Dominik Martišiak

Personal information
- Full name: Dominik Martišiak
- Date of birth: 9 July 2000 (age 25)
- Place of birth: Slovakia
- Position: Winger

Team information
- Current team: Spartak Myjava
- Number: 19

Youth career
- 2007–2019: Senica

Senior career*
- Years: Team / Apps / (Gls)
- 2017–2019: Senica / 9 / (0)
- 2019–2021: Baník Ostrava / 0 / (0)
- 2019–2020: → Vítkovice (loan) / 19 / (2)
- 2021–: Spartak Myjava / 24 / (0)

International career^{‡}
- 2017: Slovakia U17 / 3 / (0)
- 2018–: Slovakia U19 / 4 / (0)

= Dominik Martišiak =

Slovak footballer

Dominik Martišiak (born 9 July 2000) is a Slovak footballer who plays as a winger for Spartak Myjava in the 2. Liga.

==Club career==
===FK Senica===
Martišiak is an alumnus of Senica's academy.
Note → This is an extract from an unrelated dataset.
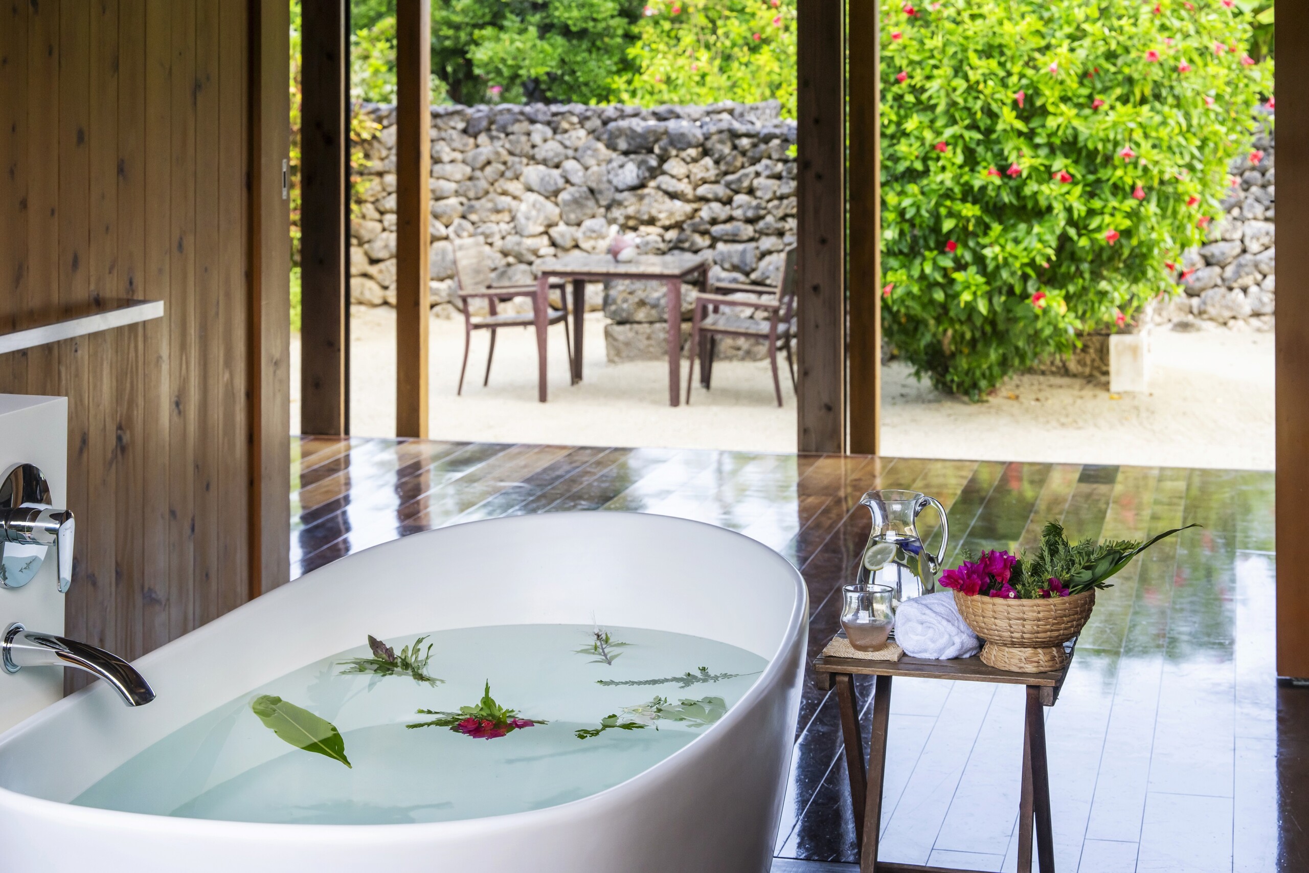 スパでは、長命草やフーチバーを米粉に練りこんで蒸し上げた「命ぐさ玉」を使用し、身体を温めながらトリートメントを体験。冬の寒さで縮こまった身体や、寒暖差の激しい春の不調で乱れた身体を温め、心と体の緊張をゆっくりとほぐします。また、心地よい南風(ぱいかじ)が吹き抜ける客室も癒やしの空間です。湯船へ豊かな香りを放つ命草を浮かべ、風の音に耳を澄ませるバスタイムは、この上なく贅沢なひとときに。 その他にも、一年を通して利用できる加温式の屋外プールで、水面に身体を任せる浮遊浴を楽しめます。

He made a debut for Senica's senior team during a 1–0 victory, substituting Adam Pajer during the stoppage time of the second half. He made the debut before the age of 17, being one of the youngest debutants in the history of the competition.

Nonetheless, in the subsequent two seasons he spent at the club, Martišiak only made sporadic appearance, usually as a substitute, tallying a total of only 9 games. He mostly played in the U19 squad.

Still, in December 2017, he was on a 4-day trial with Scottish club Dundee United.

===Baník Ostrava===
On 19 May 2019, Senica announced that Martišiak would leave the club and join Baník Ostrava, starting with the new season. He was immediately loaned out to Czech club MFK Vítkovice for the 2019-20 season.